*** Opening Data supplied ***

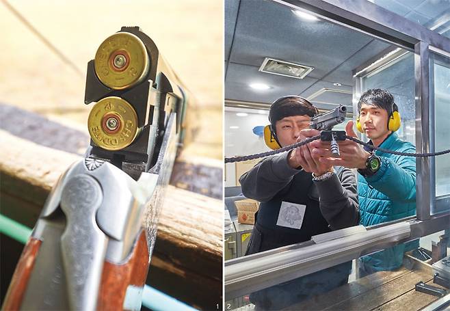 1 클레이 사격에서 사용하는 총과 산탄 2 권총 사격은 집중력과 차분함을 요한다. 특히 호흡을 가다듬는 것이 중요하다
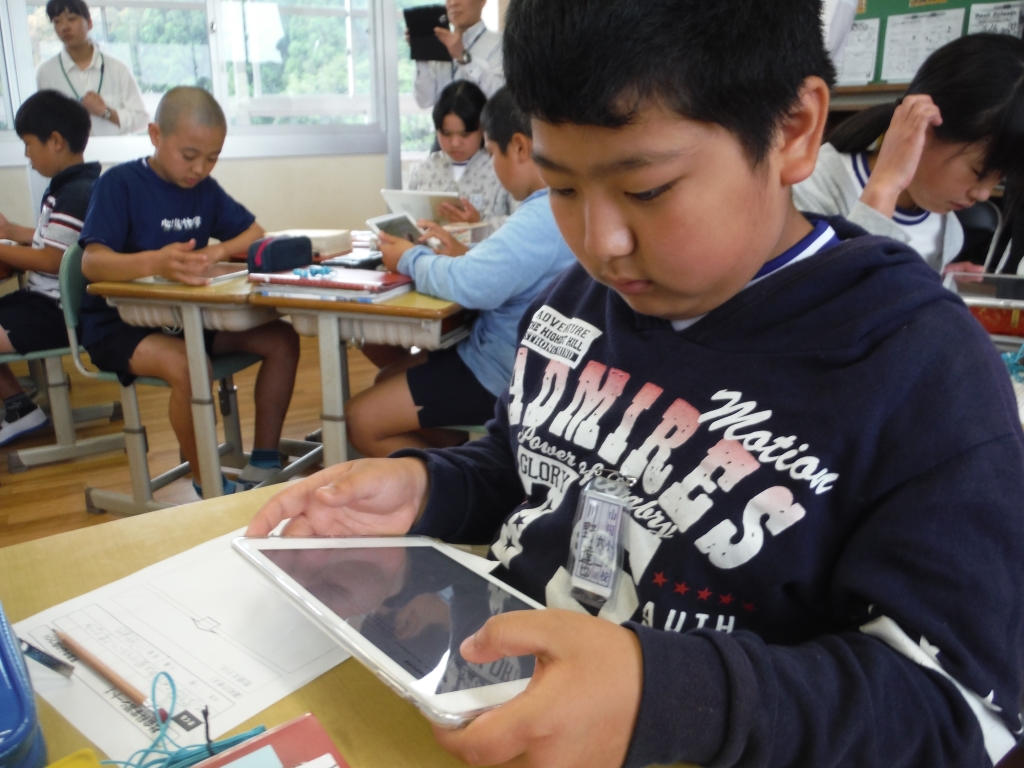 今年度の校内研修の提案授業として、5月12日(火)に6年生で社会科の授業が行われました。今回は「課題別グループ」から「学習グループ」へと学習形態を変化する協働学習に挑戦した授業でした。今年度新しく導入していただいたIPadを子どもたちが使いこなし、個の学び、グループの学び、全体での学びの充実を目指して思考する子どもたちの姿がとても印象的でした。課題・修正点もたくさんありましたが、今後の研究に全職員で共通理解をしながら生かしていきたいと思います。
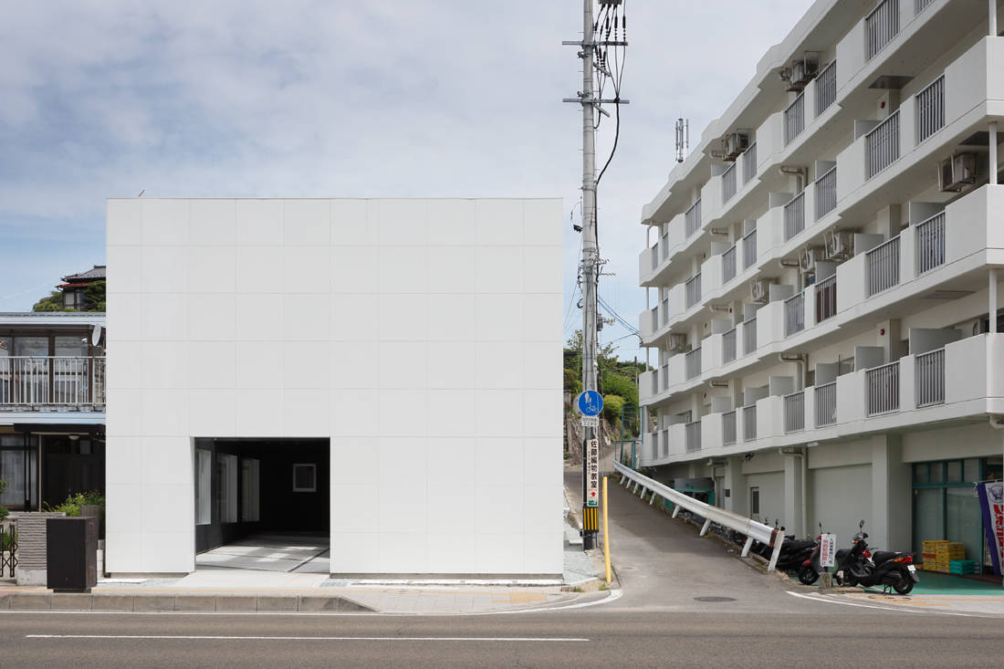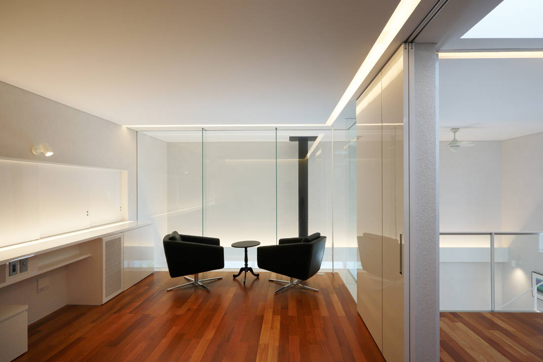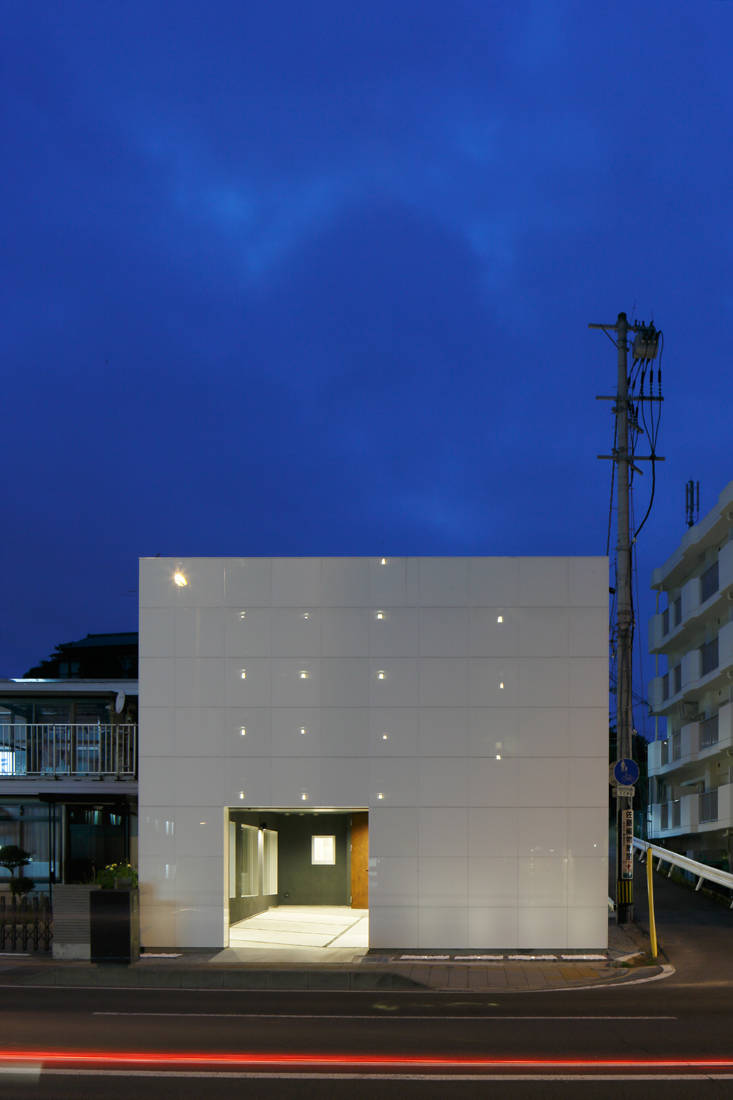 結晶化ガラス壁装材を使用し木造建築と感じられない形態がクライアントの要望です。
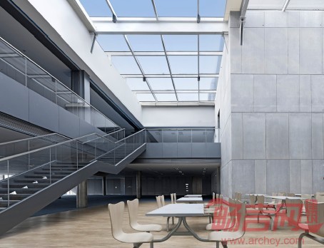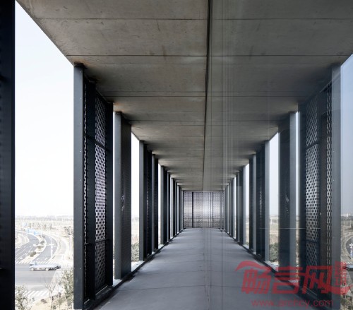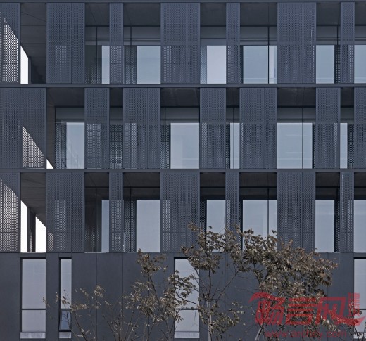 建筑立面的铝板幕墙,采用热转印技术,使深灰色铝板具有肌理和质感,回归建筑的质朴本质。北立面与西立面外挂穿孔铝板,孔洞大小与疏密有序变化,对入射的太阳光进行微妙的调节。
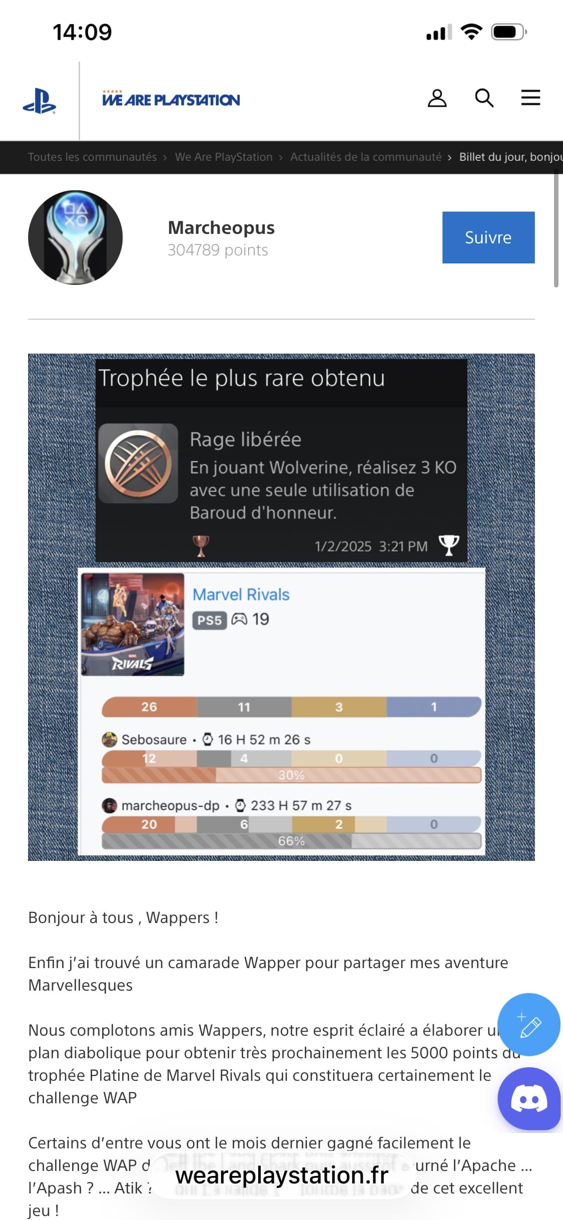 Alors chaque début de mois nous attendions de voir Marvel Rivals en challenge Platine WAP

*** Closing Data supplied ***

## Directions
Your task is to copy the entries in full and exactly, without any images.

## Solution to the exercise
 1 클레이 사격에서 사용하는 총과 산탄 2 권총 사격은 집중력과 차분함을 요한다. 특히 호흡을 가다듬는 것이 중요하다
 今年度の校内研修の提案授業として、5月12日(火)に6年生で社会科の授業が行われました。今回は「課題別グループ」から「学習グループ」へと学習形態を変化する協働学習に挑戦した授業でした。今年度新しく導入していただいたIPadを子どもたちが使いこなし、個の学び、グループの学び、全体での学びの充実を目指して思考する子どもたちの姿がとても印象的でした。課題・修正点もたくさんありましたが、今後の研究に全職員で共通理解をしながら生かしていきたいと思います。
 結晶化ガラス壁装材を使用し木造建築と感じられない形態がクライアントの要望です。
 建筑立面的铝板幕墙,采用热转印技术,使深灰色铝板具有肌理和质感,回归建筑的质朴本质。北立面与西立面外挂穿孔铝板,孔洞大小与疏密有序变化,对入射的太阳光进行微妙的调节。
 Alors chaque début de mois nous attendions de voir Marvel Rivals en challenge Platine WAP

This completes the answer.